Denise Patricia Byrne Kingsmill, Baroness Kingsmill CBE (née Byrne 24 April 1947) is a British Labour peer. She was appointed as a life peer in 2006 after practising as a solicitor in personal injury, trade union and employment law.

She was born in New Zealand and emigrated to Wales during her childhood. She studied at Croesyceiliog School.  She holds a degree in Economics and Anthropology from Girton College, Cambridge. Then one of six female undergraduates in Economics studying alongside 300 male undergraduates, Baroness Kingsmill now encourages others to blaze their own trail, saying 'you must do that which excites you'.  She is a member of the Economic Affairs Committee.

She was a Deputy Chairman of the Monopolies and Mergers Commission (later known as The Competition Commission), which undertook inquiries into banking, cruise liners, equity underwriting, energy supply, and other subjects during her time. She was appointed in 1996, stepping down in 2003.

Baroness Kingsmill undertook a number of cases relating to rights of women, while specialising in employment law.
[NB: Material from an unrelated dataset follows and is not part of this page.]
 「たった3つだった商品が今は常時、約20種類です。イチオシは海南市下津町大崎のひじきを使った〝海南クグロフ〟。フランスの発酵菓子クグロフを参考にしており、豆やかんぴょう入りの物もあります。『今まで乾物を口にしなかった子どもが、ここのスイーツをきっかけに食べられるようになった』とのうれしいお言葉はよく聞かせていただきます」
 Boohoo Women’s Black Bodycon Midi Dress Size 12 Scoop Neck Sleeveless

She also acted in behalf of Peter Wood, founder of Direct Line and other leading business figures. She undertook two inquiries for the government in gender equality and human capital management.

Baroness Kingsmill was appointed a CBE for her services to competition and employment law in the 2000 New Year Honours.
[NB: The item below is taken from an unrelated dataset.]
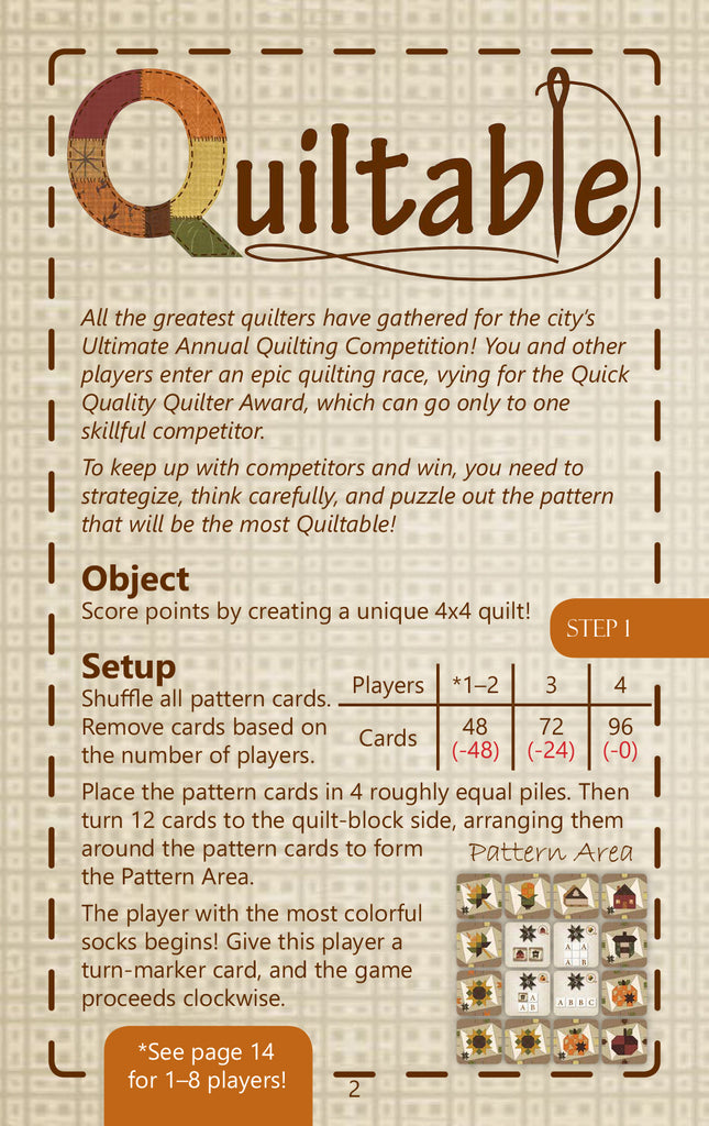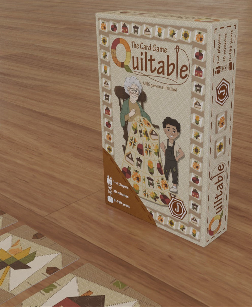 Quiltable is an engaging card game for 1–4 players where you will piece together a cozy fall quilt while competing for the Quick Quality Quilter award. Quiltable can be a fun experience for any group, and is a great way to build friendships, unwind after a long day, and create fond memories with those you love.

She was created Baroness Kingsmill, of Holland Park in the Royal Borough of Kensington and Chelsea on 1 June 2006.

Kingsmill has been awarded five honorary doctorates from universities across England, Scotland and Wales, including a doctorate from Cranfield University in 2007.).

Other roles she holds or has held include:
 non-executive director of IAG (International Airlines Group) 
 non-executive director of E.ON (German Energy Company) 
 non-executive director of KornFerry International (world's largest executive search firm)
 Member of international advisory board of IESE Business School.
 Deputy Chairman of the Advisory board at Price Waterhouse Coopers
 Member of the Advisory board at Inditex (Zara) 
 Member of the Board of Directors of Inditex (appointed on 19 July 2016)
Kingsmill writes a monthly column for Management Today magazine.

Previous roles include:
 non-executive director of Betfair
 Non-executive directorship of British Airways
 Senior adviser to the Royal Bank of Scotland
 Trustee of the Cambridge University Judge Business School
 Pro-chancellor of Brunel University
 Trustee of The Design Museum
Chairman of the Board at Monzo

She has held other non-executive director and advisory roles, including Laing O’Rourke, Royal Bank of Scotland and Telewest Communications.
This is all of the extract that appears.